Molly Mirassou’s Studio M in Second Life

Studio M
Studio M

Hi, I’m Molly.  I’d like to invite you to my very first gallery exhibition. I am new to the world of SL photography and through a strange and unexpected series of events, I find myself with a warehouse gallery space for a month, and the need to fill it with (hopefully) beautiful things. I hope you can come for a visit!

So reads the invitation I received from Molly Mirassou concerning her first exhibition in Second Life. As I’m always keen to see work by artists who may not have (yet) had the exposure others have gained through their time in SL, I was only too happy to hop across and take a look.

As the invitation notes, Molly’s exhibition, simply entitled Studio M, can be found inside a large warehouse building rather than the more usual gallery space. Seven large format pieces are displayed against the walls, with the floorspace and a raised wooden area occupied by easel-mounted pieces.

Studio M
Studio M

The pieces on display is a broad mix, from avatar studies (self portraits, I believe), through architectural and art studies (notably Mistero Hifeng’s sculptures, which Molly has photographed to great effect) to landscapes. Most of the pieces appear to have minimal or no post-processing and simply utilise windlight settings. As such, they are refreshingly clean in style, crisply capturing their subjects.
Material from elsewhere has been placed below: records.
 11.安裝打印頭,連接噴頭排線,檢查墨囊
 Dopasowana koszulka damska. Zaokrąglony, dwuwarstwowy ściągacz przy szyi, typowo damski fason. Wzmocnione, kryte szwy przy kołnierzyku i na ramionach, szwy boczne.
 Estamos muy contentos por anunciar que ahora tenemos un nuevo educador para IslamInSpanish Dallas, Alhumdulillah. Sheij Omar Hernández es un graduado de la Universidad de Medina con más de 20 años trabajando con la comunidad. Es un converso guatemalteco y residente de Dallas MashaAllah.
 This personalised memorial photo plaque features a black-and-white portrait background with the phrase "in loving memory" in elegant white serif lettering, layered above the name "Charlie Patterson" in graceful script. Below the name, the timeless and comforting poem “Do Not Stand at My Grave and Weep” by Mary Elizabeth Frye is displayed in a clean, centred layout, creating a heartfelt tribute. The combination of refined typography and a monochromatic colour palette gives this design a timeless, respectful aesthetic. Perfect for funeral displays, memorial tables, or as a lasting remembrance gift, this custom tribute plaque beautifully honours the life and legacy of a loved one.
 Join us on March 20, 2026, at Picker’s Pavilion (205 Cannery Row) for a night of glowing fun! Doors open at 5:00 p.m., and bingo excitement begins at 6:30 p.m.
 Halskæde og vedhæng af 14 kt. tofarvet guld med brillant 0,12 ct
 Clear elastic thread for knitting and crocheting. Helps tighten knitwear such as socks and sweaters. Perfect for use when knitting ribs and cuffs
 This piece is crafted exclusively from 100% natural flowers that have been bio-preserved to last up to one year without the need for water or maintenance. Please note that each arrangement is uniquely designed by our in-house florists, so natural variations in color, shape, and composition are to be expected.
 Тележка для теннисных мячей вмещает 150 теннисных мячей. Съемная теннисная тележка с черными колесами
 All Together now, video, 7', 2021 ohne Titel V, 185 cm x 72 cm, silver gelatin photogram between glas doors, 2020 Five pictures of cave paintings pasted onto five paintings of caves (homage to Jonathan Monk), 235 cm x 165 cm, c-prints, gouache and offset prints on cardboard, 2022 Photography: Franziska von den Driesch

She may be new to SL photography, but Molly clearly has an eye for subject and angle – something which can clearly be seen in the likes of Burning Cathedral (which I believe is a capture of the cathedral at Chouchou), the untitled Studio m alongside it, and, facing them, the powerfully evocative Enough, which can be seen at the top of this article.

Studio M
Studio M

Exhibiting your SL photography can be a daunting proposition – we all harbour doubts and uncertainties about our abilities. Molly, however, shows a definite ability to capture mood and emotion. As such, I’m certain that while this may be her first exhibition, it will not be her last; I’m certainly looking forward to seeing more of her work, and witnessing how her technique develops and the directions in which it might take her. The current exhibition will remain open through until Thursday, March 16th.